Me sentía como un niño pequeño. No en el sentido físico, sino emocional. Débil. Estúpido. Miedoso. Como si una sola palabra más pudiera hacerme pedazos.
—Oye, no pienses de esa manera —interrumpió Reginald, sin levantar la mirada de su tarea—. Es tu hermana, ¿recuerdas? Y no he notado que esté molesta contigo. Tampoco parece que hayas hecho algo que justifique un enfado.
Suspiré. Un suspiro sin forma, vacío. El tipo que no busca alivio, solo espacio.
¿Qué se supone que debó hacer? ¿Y si me manda al demonio? ¿Y si, simplemente, decide quedarse con Alicia y dejarme atrás?
Quería pensar de forma positiva. Debía hacerlo. Pero después de tantos años al lado de Isolde, la línea entre cercanía y dependencia se había vuelto difusa. Sin darme cuenta, ella se convirtió en el ancla que evitaba que me precipitara al vacío.
Nunca había sentido algo así. Era, claramente, un problema. Desde que éramos bebés, habíamos sido casi una unidad. Bastaba alejarnos unos metros para que estalláramos en llanto. Ahora, bastaba con no vernos por unas horas para que el nerviosismo nos devorara desde dentro.
Cuando yo no estaba, ella se ponía tensa. Cuando ella se alejaba, una ansiedad silenciosa comenzaba a reptar por mi espalda.
—¿Sería prudente hablar con ella? —pregunté, sabiendo de antemano la respuesta.

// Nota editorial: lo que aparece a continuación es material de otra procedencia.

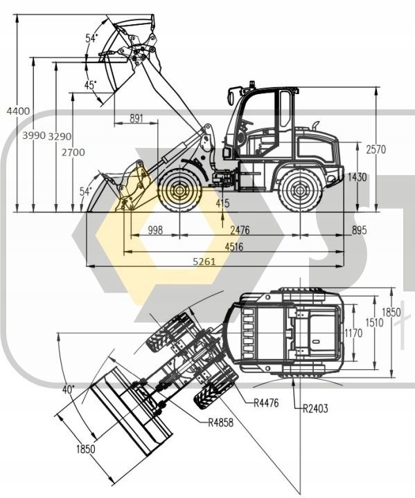 - Длина - 5261 мм x Ширина - 1850 мм x высота - 2570 мм
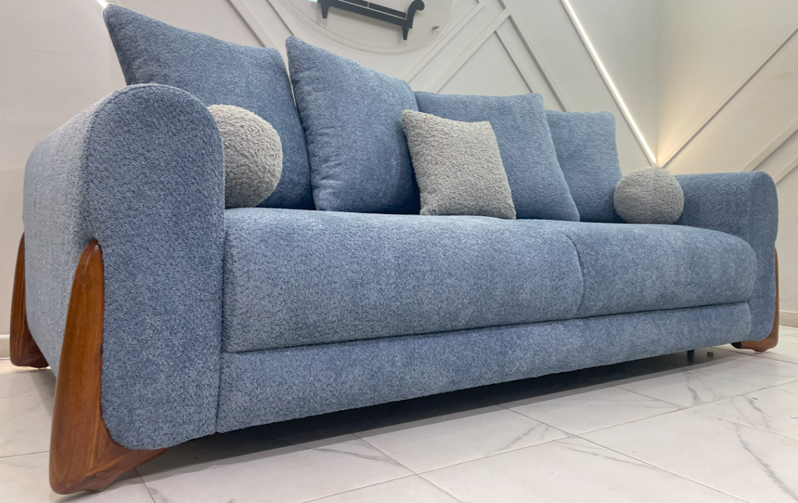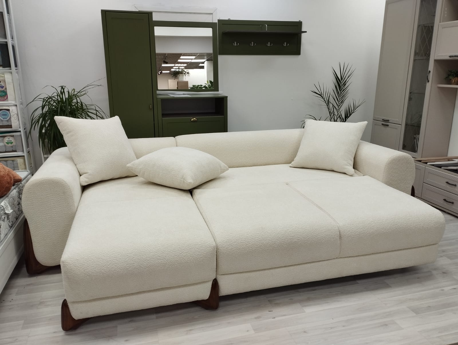 Главное отличие от других диванов, это красивые деревянные ножки интересной формы. Раскладка механизмом пума дает возможность одной рукой превратить диван в спальное место. Комфортная глубокая мягкая посадка, наполнение резинотканевые ремни плюс ППУ HS3030 повышенной эластичности плюс ППУ4 см Memory foam с эффектом памяти+ ППУ elax премиум и холсофт с эффектом восстановления.
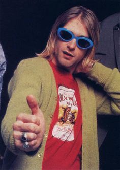 não me parece estranho que kurt tenha escolhido esse modelo de óculos como uma de suas assinaturas de estilo: oversized, de lentes escuríssimas, ideal para esconder bem o rosto de uma celebridade que nunca quis ser uma celebridade, ao mesmo tempo que seu glamour retrô destoa não apenas do contexto musical no qual o nirvana estava inserido, mas das escolhas estéticas dos artistas e do público da cena grunge num geral.

—No se trata de si es prudente —replicó Reginald—. Es necesario. Si lo dejas pasar, puede que luego se vuelva incómodo hablar entre ustedes. Y eso no lo quieres… ¿verdad?
Una manera bastante efectiva de infundir miedo: proyectar el deterioro de una relación importante.
Pero tenía razón. No quería que lo nuestro se convirtiera en un campo minado de silencios y suposiciones. Incluso si la discusión había sido trivial —y lo era, objetivamente—, no valía la pena arriesgar nuestra relación por orgullo o temor.
Además, yo siempre había sido el que la seguía.
—Bien. Me iré a disculpar.
Reginald sonrió, como si ya lo hubiera anticipado.
—Perfecto. Entonces ve. Yo estaré aquí, por si vuelven.
Asentí con la cabeza. Me dirigí a la puerta, sin mirar atrás. Y simplemente… me fui.